Publicado 02/04/2026 • 21:25 | Atualizado há 3 horas

KEY POINTS

  • Um ano após “Liberation Day”, tarifas seguem gerando incerteza e pressionando mercados e cadeias globais.
  • Investidores passaram a reprecificar riscos, com impacto no dólar e melhor desempenho de ações fora dos EUA.
  • Para gestor, cenário aponta para mudança estrutural rumo a um mundo mais protecionista e multipolar.

Um ano após o chamado “Liberation Day”, as políticas tarifárias dos Estados Unidos continuam moldando o ambiente global, com efeitos que vão desde a reprecificação de ativos até mudanças no comércio internacional, segundo Michael McGowan, head de investimentos da Pathstone.

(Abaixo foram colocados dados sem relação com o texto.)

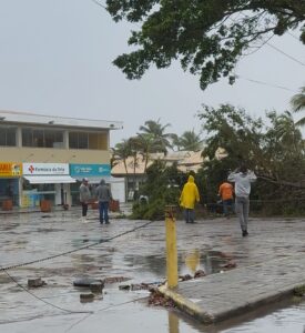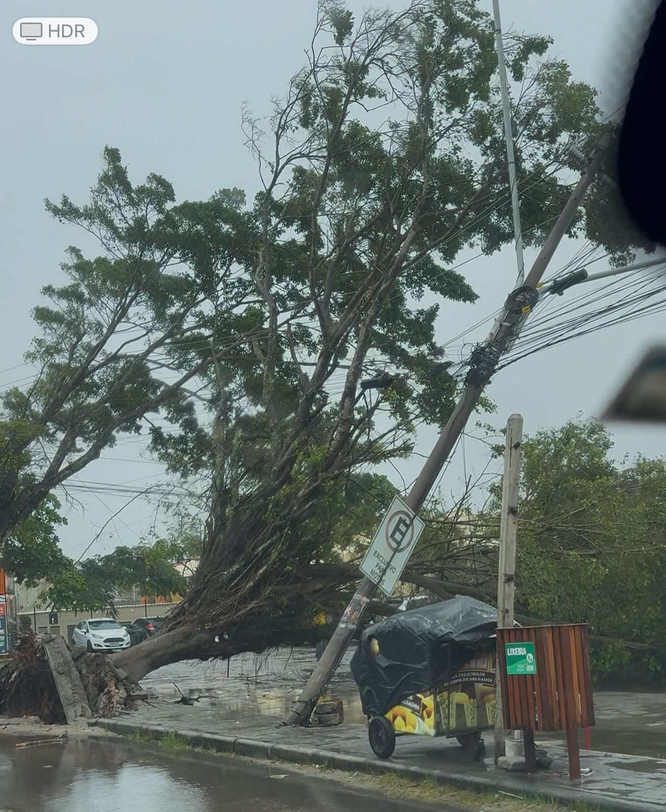 Equipes da prefeitura foram acionadas nas primeiras horas da manhã e já estão no local para fazer a remoção da árvore. A Neoenergia ainda não chegou para fazer a retirada do poste e a área foi parcialmente isolada para garantir a segurança de todos.

Para o gestor, o cenário ainda é marcado por forte incerteza, especialmente diante da forma como o governo do presidente Donald Trump tem utilizado tarifas como instrumento de política econômica. “Estamos há um ano nisso e ainda enfrentamos muita incerteza”, afirmou nesta quinta-feira (2), em entrevista à CNBC.

Segundo McGowan, a estratégia atual envolve o uso de tarifas setoriais, como as previstas na Seção 301, com foco em setores específicos da economia americana.

Trump está tentando usar tarifas para proteger a indústria dos Estados Unidos”, disse, destacando que o desfecho dessa política ainda é incerto. “É muito difícil dizer agora como isso vai se desenrolar.”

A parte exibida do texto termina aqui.